Communities must be able to provide a pool of workers, capable of being trained to meet the greenfield investor’s requirements. A trained workforce is critical. Things to consider: Does the community have a university and a community/technical college in the vicinity to provide the necessary training? Can the community provide any incentives such as reduced tuition or zero tuition? Can the community provide the workforce training in a timely manner, so that the new investor will have a functioning complement of workers on day one? Is the community/region growing so that workforce replacement in the long run will not be a problem?

HEALTHCARE

The post-pandemic world will likely be more prepared to handle medical emergencies, like those created by COVID-19 in early 2020. With vaccinations available and continuation of incorporating the normal measures of mask wearing, social distancing, and washed hands, another government lockdown should be avoided. Research has shown that the previous lockdown had a severe impact on the younger generation (future workers) showing such psychological symptoms; anxiety, stress, depression and changes in sleep habits. It was these confinements and mobility restrictions that led to the decline of the world economies and would impact the decision of the foreign investment.

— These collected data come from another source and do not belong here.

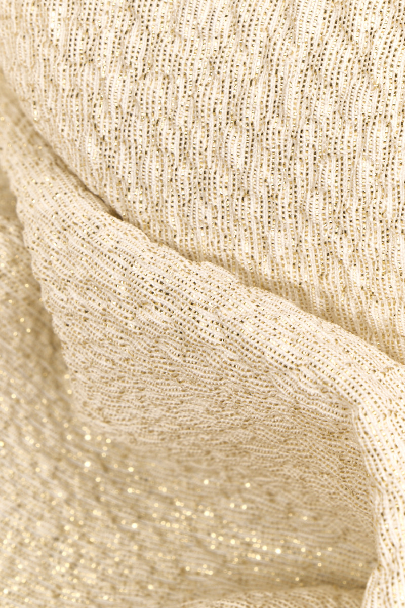 Italienischer Jacquardstoff in Cremefarbe, dicht verziert mit goldenem, glänzendem Faden. Der Stoff ist weich, leicht, mit einer konvexen Struktur, die Schlangenhaut ähnelt und über die gesamte Länge des Stoffes elastisch ist. Ein schönes Angebot zum Nähen eines Kleides, eines Rocks und einer Jacke für besondere Anlässe.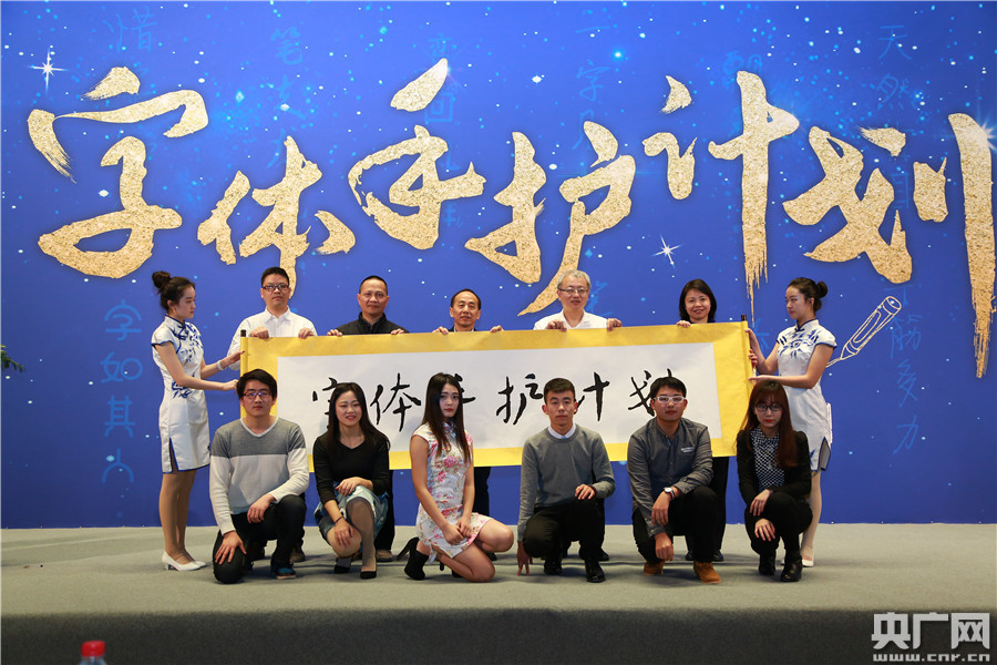 央廣網(wǎng)北京1月12日消息 昨日(11日),由方正手跡發(fā)起的“字體手護(hù)計(jì)劃”首屆年度分享交流會(huì)在北京大學(xué)舉行。教育部語言文字信息管理司司長田立新、著名書法家葉培貴、中央人民廣播電臺(tái)央廣網(wǎng)副總編輯伍剛、方正集團(tuán)副總裁劉建應(yīng)邀出席,與現(xiàn)場大學(xué)生代表一起分享了有關(guān)漢字文化傳承的新形勢、新方法。圖為與會(huì)專家學(xué)者與6位“字體手護(hù)大使”一起啟動(dòng)“2017字體守護(hù)計(jì)劃”。 -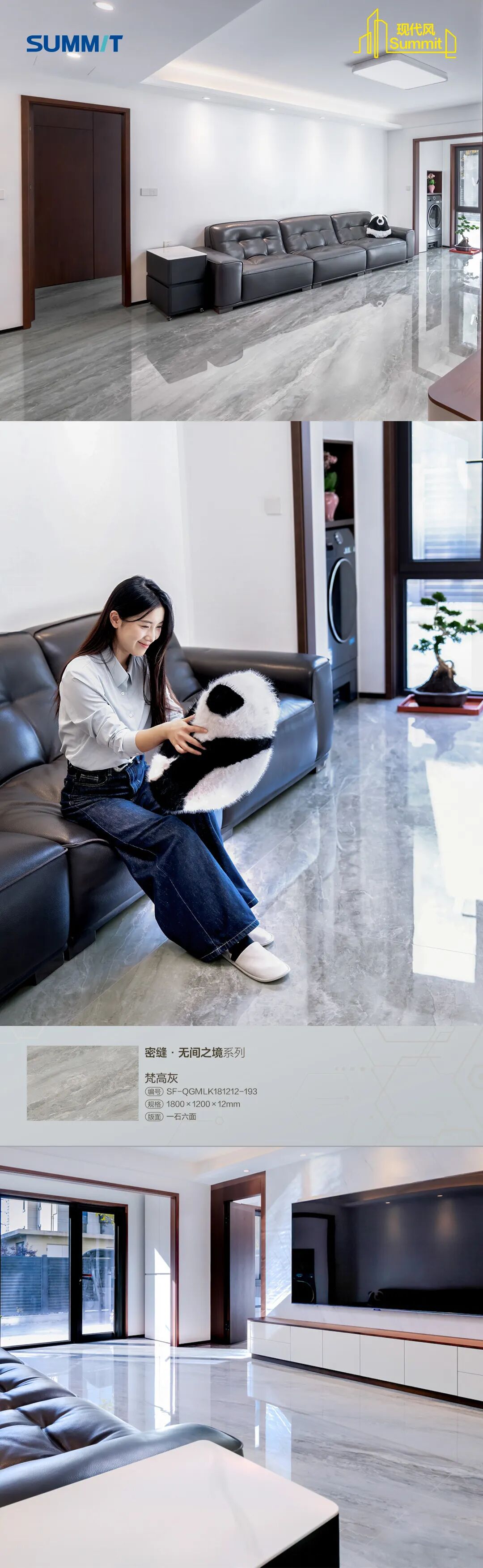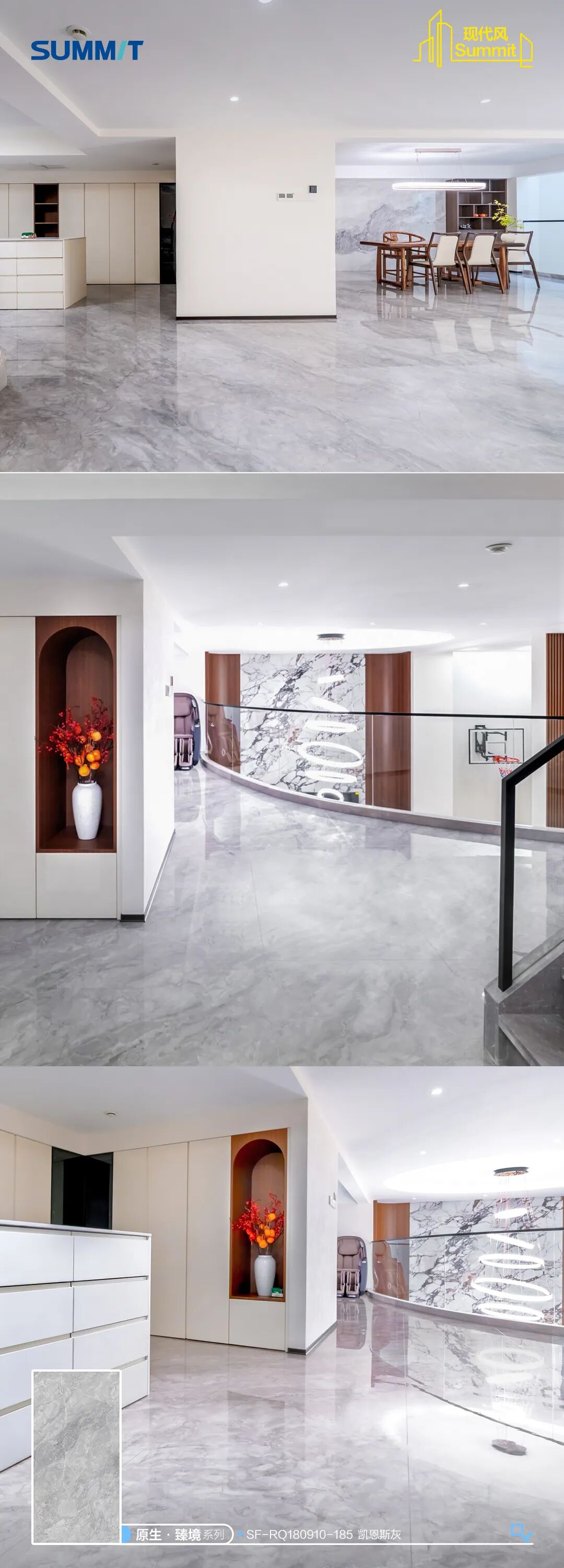 走进挑空客厅,首先感受到的是一种高级而舒适的氛围。整个一层公共区域选用萨米特「密缝·无间之境」系列,1.8×1.2米的大规格瓷砖以3:2的黄金视觉比例铺陈,缝隙几乎不可见,形成如一整片石材般的完整效果。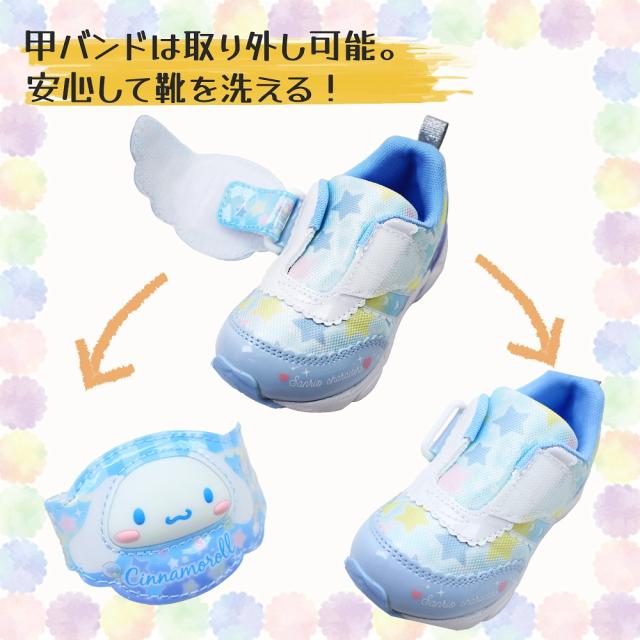 | 商品の特徴 | ■SA C040LE サンリオのLEDキッズシューズです。キャラクターがショップの店員さんになったキュートでファンシーなデザインです。甲バンドの顔の立体パーツが振動によって光ります。発光回数の目安は約30万回、およそ2か月光ります。ワンタッチで脱ぎ履きできる一本バンドのジョグタイプです。通園をはじめ、外遊びや運動、お出かけなど、マルチに履いていただけます。重さは16.0cmで片足約130gです。中敷きには「Ag+抗菌防臭」を搭載しています。【Ag+抗菌防臭】銀イオンの抗菌作用でにおいのもととなる菌の増殖を抑制し、防臭効果を発揮します。天然由来成分で安全です。ピンクはハローキティ、サックスはシナモロール、パープルはクロミ、ベージュはポムポムプリンです。 ■ SA C034 サンリオのLEDキッズシューズです。ワンタッチで脱ぎ履きできる一本バンドのジョグタイプで、通園をはじめ、外遊びや運動、お出かけなど、マルチに履けます。中敷きには「Ag+抗菌防臭」を搭載。銀イオンの抗菌作用でにおいのもととなる菌の増殖を抑制し、防臭効果を発揮します。甲バンドのキャラクターのパーツが振動によって光り、発光回数の目安は約30万回、およそ2か月光ります。リボンやドットが可愛いロリータ系デザインになり、アッパーのキラキラメッシュや、中敷のキャラクタープリントなど可愛いがたくさん詰まった一足です。ピンクは、ハローキティ、ミントは、シナモロール、パープルは、クロミになります。重さは16.0cmで片足約140gです。 ![]() | |

Medical advances in immunology and the longevity of life medications have created a new factor, as people will now have greater resistance against disease and will also live much longer. The impact is that senior retirees, living longer, can make significant contributions by filling in the workforce gaps while working from home or part-time. Many of these seniors (workers) have had meaningful careers in engineering, science and computer technology that can help a company during its transition into the new economy.

Things to consider: Does the community have a forward-looking healthcare care system including one that is integrated with a local university/community college? How well did the hospital provide services to the community during the COVID-19 outbreak in 2020? Was the state government active in such a way as to minimize COVID-19 impact on its citizens and businesses without forcing severe lockdowns?

Healthcare has definitely moved up the list of the quality-of-life issues.

INFRASTRUCTURE

The U.S. Congress is considering an infrastructure bill to be spent over five years. The bill includes provisions for investments in roads, bridges, passenger and freight rail, electric grid expansion, broadband internet access, modernization and expansion of transit systems, and other projects. If passed, Congress will determine the location of these investments.

Infrastructure at the local site is critical. Sites should have all utilities available at or near the site location including electricity, water, sewer, and internet access. The site should have interstate access, and, if needed, a rail spur. The size of the site may be critical. Having multiple sites or a larger site that could be subdivided can provide an advantage in consideration.

IN CONCLUSION

We looked at Foreign Direct Investment from the perspective of building a new plant and did not delve into the other forms that include investments in existing businesses, or stock purchases. It is not an easy task to attract this type of investment to your community. Assuming you are ready, you must be willing to outreach through direct communications via internet, targeted advertising, attending international conferences, and personal visits to companies you believe would be a good fit for your community.

Waco, Texas has experienced success with FDIs in the last several years, and most recently with multiple announcements from companies representing the countries of Germany, Mexico and Canada. Waco checks all the boxes for many potential greenfield investments and is certain to announce many more FDIs in the future!